Thursday, July 19, 2012

Priest Could Be Ordered to Break Seal of Confession in Australia


A legislative committee in Australia’s state of Victoria is questioning whether the government should honor the confessional seal with new laws to toughen requirements for reporting abuse of children.
The prospect of government forcing priests to report what was said in confession is the sign of a "police state mentality", says one Australian priest and law professor.

Hundreds of years of Catholic tradition in the confessional could be overturned by Victoria's inquiry into child sex abuse. Priests would be ordered to reveal crimes told to them in private confessions under one proposal before the inquiry.

But priests say they will resist being forced to reveal secrets of the confessional.

Priest and law professor Father Frank Brennan said the move would be a restriction on religious freedom.
“If a parliamentary inquiry were to recommend a law by parliament saying that priests were forced to disclose anything revealed to them in the sacrament of confession I think that would be a serious interference with the right of religious freedom,” Father Brennan said today.

“Indeed it would be a very sad day if we moved to a police state mentality, it’s almost of Russian dimensions to suggest Catholic priests would have to reveal to state authorities what went on under the seal of the confessional.

“I am one of the priests who, if such a law were enacted, would disobey it and if need be I would go to jail.”

Father Brennan said disclosures to priests in the confessional were different to those made to doctors or counsellors, or even when a priest was acting in a counsellor role.
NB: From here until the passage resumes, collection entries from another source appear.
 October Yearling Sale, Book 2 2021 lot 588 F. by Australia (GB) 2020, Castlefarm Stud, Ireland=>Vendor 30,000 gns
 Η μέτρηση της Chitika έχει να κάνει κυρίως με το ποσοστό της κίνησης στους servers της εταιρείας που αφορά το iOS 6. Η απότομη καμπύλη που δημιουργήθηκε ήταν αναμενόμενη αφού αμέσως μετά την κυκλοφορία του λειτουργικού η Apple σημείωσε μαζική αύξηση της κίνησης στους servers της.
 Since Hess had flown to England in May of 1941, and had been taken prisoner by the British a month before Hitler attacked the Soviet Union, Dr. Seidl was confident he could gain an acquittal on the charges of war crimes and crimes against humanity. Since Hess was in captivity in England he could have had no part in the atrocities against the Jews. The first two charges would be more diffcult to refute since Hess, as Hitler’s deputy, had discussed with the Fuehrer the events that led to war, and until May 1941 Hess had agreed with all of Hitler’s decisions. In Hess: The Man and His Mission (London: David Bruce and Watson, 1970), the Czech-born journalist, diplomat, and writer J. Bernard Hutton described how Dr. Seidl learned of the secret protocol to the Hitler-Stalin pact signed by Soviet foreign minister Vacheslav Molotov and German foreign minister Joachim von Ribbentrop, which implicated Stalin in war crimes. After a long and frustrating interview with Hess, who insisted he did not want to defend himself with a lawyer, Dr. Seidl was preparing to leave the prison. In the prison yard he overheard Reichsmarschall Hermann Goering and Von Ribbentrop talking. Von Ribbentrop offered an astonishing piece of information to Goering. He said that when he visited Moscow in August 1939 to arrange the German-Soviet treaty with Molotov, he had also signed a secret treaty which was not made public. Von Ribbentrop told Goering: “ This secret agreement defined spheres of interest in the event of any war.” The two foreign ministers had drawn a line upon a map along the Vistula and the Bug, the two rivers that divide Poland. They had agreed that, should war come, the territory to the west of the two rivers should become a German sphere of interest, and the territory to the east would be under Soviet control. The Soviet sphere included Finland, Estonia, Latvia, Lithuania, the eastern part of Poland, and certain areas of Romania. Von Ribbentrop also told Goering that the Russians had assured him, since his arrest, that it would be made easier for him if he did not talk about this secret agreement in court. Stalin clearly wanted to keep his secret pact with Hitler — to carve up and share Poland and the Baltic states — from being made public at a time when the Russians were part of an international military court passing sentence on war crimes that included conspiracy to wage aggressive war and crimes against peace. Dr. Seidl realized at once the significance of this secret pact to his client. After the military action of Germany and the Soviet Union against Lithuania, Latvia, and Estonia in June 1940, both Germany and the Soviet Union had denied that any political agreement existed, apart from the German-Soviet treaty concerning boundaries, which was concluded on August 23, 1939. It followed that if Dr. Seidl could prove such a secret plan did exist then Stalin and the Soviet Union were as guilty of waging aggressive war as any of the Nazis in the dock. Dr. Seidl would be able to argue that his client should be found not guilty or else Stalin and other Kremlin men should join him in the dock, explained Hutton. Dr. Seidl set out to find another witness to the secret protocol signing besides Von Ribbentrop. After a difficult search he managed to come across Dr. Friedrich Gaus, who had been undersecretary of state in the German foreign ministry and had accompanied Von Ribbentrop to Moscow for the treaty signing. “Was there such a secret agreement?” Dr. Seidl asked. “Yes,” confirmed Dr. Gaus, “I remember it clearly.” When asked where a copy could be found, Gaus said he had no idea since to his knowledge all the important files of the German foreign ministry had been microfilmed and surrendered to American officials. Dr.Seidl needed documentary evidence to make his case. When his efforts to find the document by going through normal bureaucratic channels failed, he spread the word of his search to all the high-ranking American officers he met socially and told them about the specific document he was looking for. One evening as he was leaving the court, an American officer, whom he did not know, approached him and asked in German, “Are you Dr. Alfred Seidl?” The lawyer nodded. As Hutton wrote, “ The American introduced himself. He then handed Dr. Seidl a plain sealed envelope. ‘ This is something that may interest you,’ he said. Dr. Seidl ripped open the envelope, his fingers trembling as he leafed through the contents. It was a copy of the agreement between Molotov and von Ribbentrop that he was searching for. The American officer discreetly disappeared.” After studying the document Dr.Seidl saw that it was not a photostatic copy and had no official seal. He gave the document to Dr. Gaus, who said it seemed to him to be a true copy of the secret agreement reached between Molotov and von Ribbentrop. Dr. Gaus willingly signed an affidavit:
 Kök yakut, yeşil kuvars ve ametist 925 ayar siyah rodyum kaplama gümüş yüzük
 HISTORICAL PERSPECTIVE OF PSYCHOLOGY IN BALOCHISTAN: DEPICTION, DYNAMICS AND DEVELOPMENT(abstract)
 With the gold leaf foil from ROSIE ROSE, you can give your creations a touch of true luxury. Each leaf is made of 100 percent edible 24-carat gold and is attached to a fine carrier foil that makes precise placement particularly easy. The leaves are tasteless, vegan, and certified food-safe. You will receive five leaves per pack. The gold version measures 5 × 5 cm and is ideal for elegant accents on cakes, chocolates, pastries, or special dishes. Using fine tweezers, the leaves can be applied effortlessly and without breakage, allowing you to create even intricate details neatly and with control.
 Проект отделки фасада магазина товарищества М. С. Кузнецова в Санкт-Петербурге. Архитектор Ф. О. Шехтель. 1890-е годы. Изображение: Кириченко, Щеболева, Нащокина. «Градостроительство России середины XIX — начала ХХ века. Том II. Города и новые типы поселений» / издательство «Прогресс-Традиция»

“If it were in the sacred realm of the sacrament of confession which in Catholic theology is akin to the penitent being in conversation with God, where the priest is simply an agent, then definitely the state has no role of interference in that.”

2 comments:

  1. If it ever becomes a law of the land, I have no idea how it could be actually implemented in practice! Besides, it essentially penalizes against Roman Catholics and Eastern/Oriental Orthodox! What about Anglicans and Protestants, who regard confession as purely optional, or in most cases altogether nonexistent? Why should they miss out???

    ReplyDelete
  2. Fertile ground for future martyrs.